**Information supplied:**
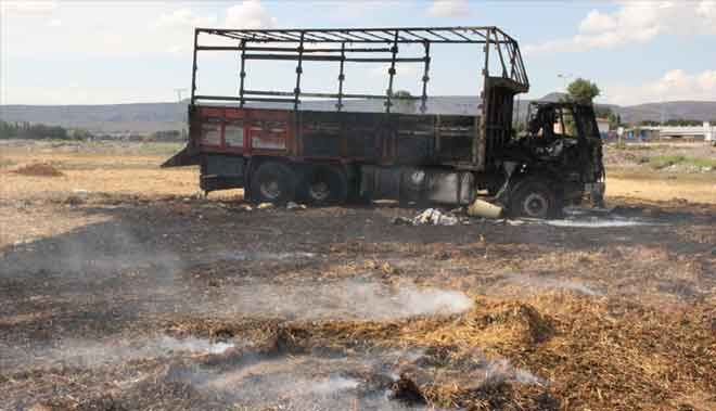 Kayseri´de, park halinde bulunan kamyon nedeni henüz belirlenemeyen sebepten dolayı yanarak kül oldu.
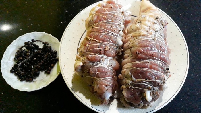 - Bước 2: Cuộn chân giò lại sao cho tròn và phần da giáp lại với nhau để thịt không bị hở ra ngoài. Cuộn xong dùng lạt bó cuộn tròn. Khi buộc lạt chỉ nên buộc vừa, không nên chặt quá vì khi luộc dễ bị nứt.
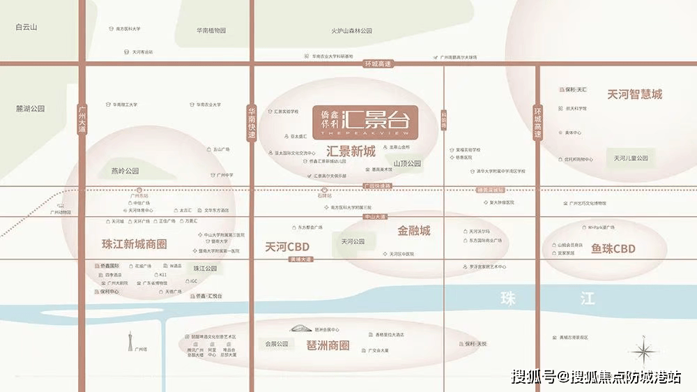 侨鑫保利·汇景台坐拥天河城央核心区位,位于汇景新城东北区、龙熹山正北面,凭借优越的地理位置,实现了自然景观与城市资源的双重占有。项目南近珠江新城CBD,北望火炉山森林公园,东接科韵路,西连汇景新城2公里景观中轴带,周边环绕科学城、智慧城、广东奥林匹克体育中心等核心板块,区位价值得天独厚。在交通配套上,项目周边路网四通八达,广园快速、华南快速、广州环城高速等多条主干道环绕,自驾出行极为便捷。从项目出发,可快速抵达珠江新城、天河北、琶洲等核心商圈,日常通勤、商务出行高效省心。公共交通方面,目前距离地铁3号线公里,距离最近的组团约1.5公里,虽暂未实现地铁直达,但区域内公交体系完善,可无缝接驳地铁站点。

**Exercise objective:**
Give the data again exactly as it stands, apart from the pictures.

**Answer section:**
 Kayseri´de, park halinde bulunan kamyon nedeni henüz belirlenemeyen sebepten dolayı yanarak kül oldu.
 - Bước 2: Cuộn chân giò lại sao cho tròn và phần da giáp lại với nhau để thịt không bị hở ra ngoài. Cuộn xong dùng lạt bó cuộn tròn. Khi buộc lạt chỉ nên buộc vừa, không nên chặt quá vì khi luộc dễ bị nứt.
 侨鑫保利·汇景台坐拥天河城央核心区位,位于汇景新城东北区、龙熹山正北面,凭借优越的地理位置,实现了自然景观与城市资源的双重占有。项目南近珠江新城CBD,北望火炉山森林公园,东接科韵路,西连汇景新城2公里景观中轴带,周边环绕科学城、智慧城、广东奥林匹克体育中心等核心板块,区位价值得天独厚。在交通配套上,项目周边路网四通八达,广园快速、华南快速、广州环城高速等多条主干道环绕,自驾出行极为便捷。从项目出发,可快速抵达珠江新城、天河北、琶洲等核心商圈,日常通勤、商务出行高效省心。公共交通方面,目前距离地铁3号线公里,距离最近的组团约1.5公里,虽暂未实现地铁直达,但区域内公交体系完善,可无缝接驳地铁站点。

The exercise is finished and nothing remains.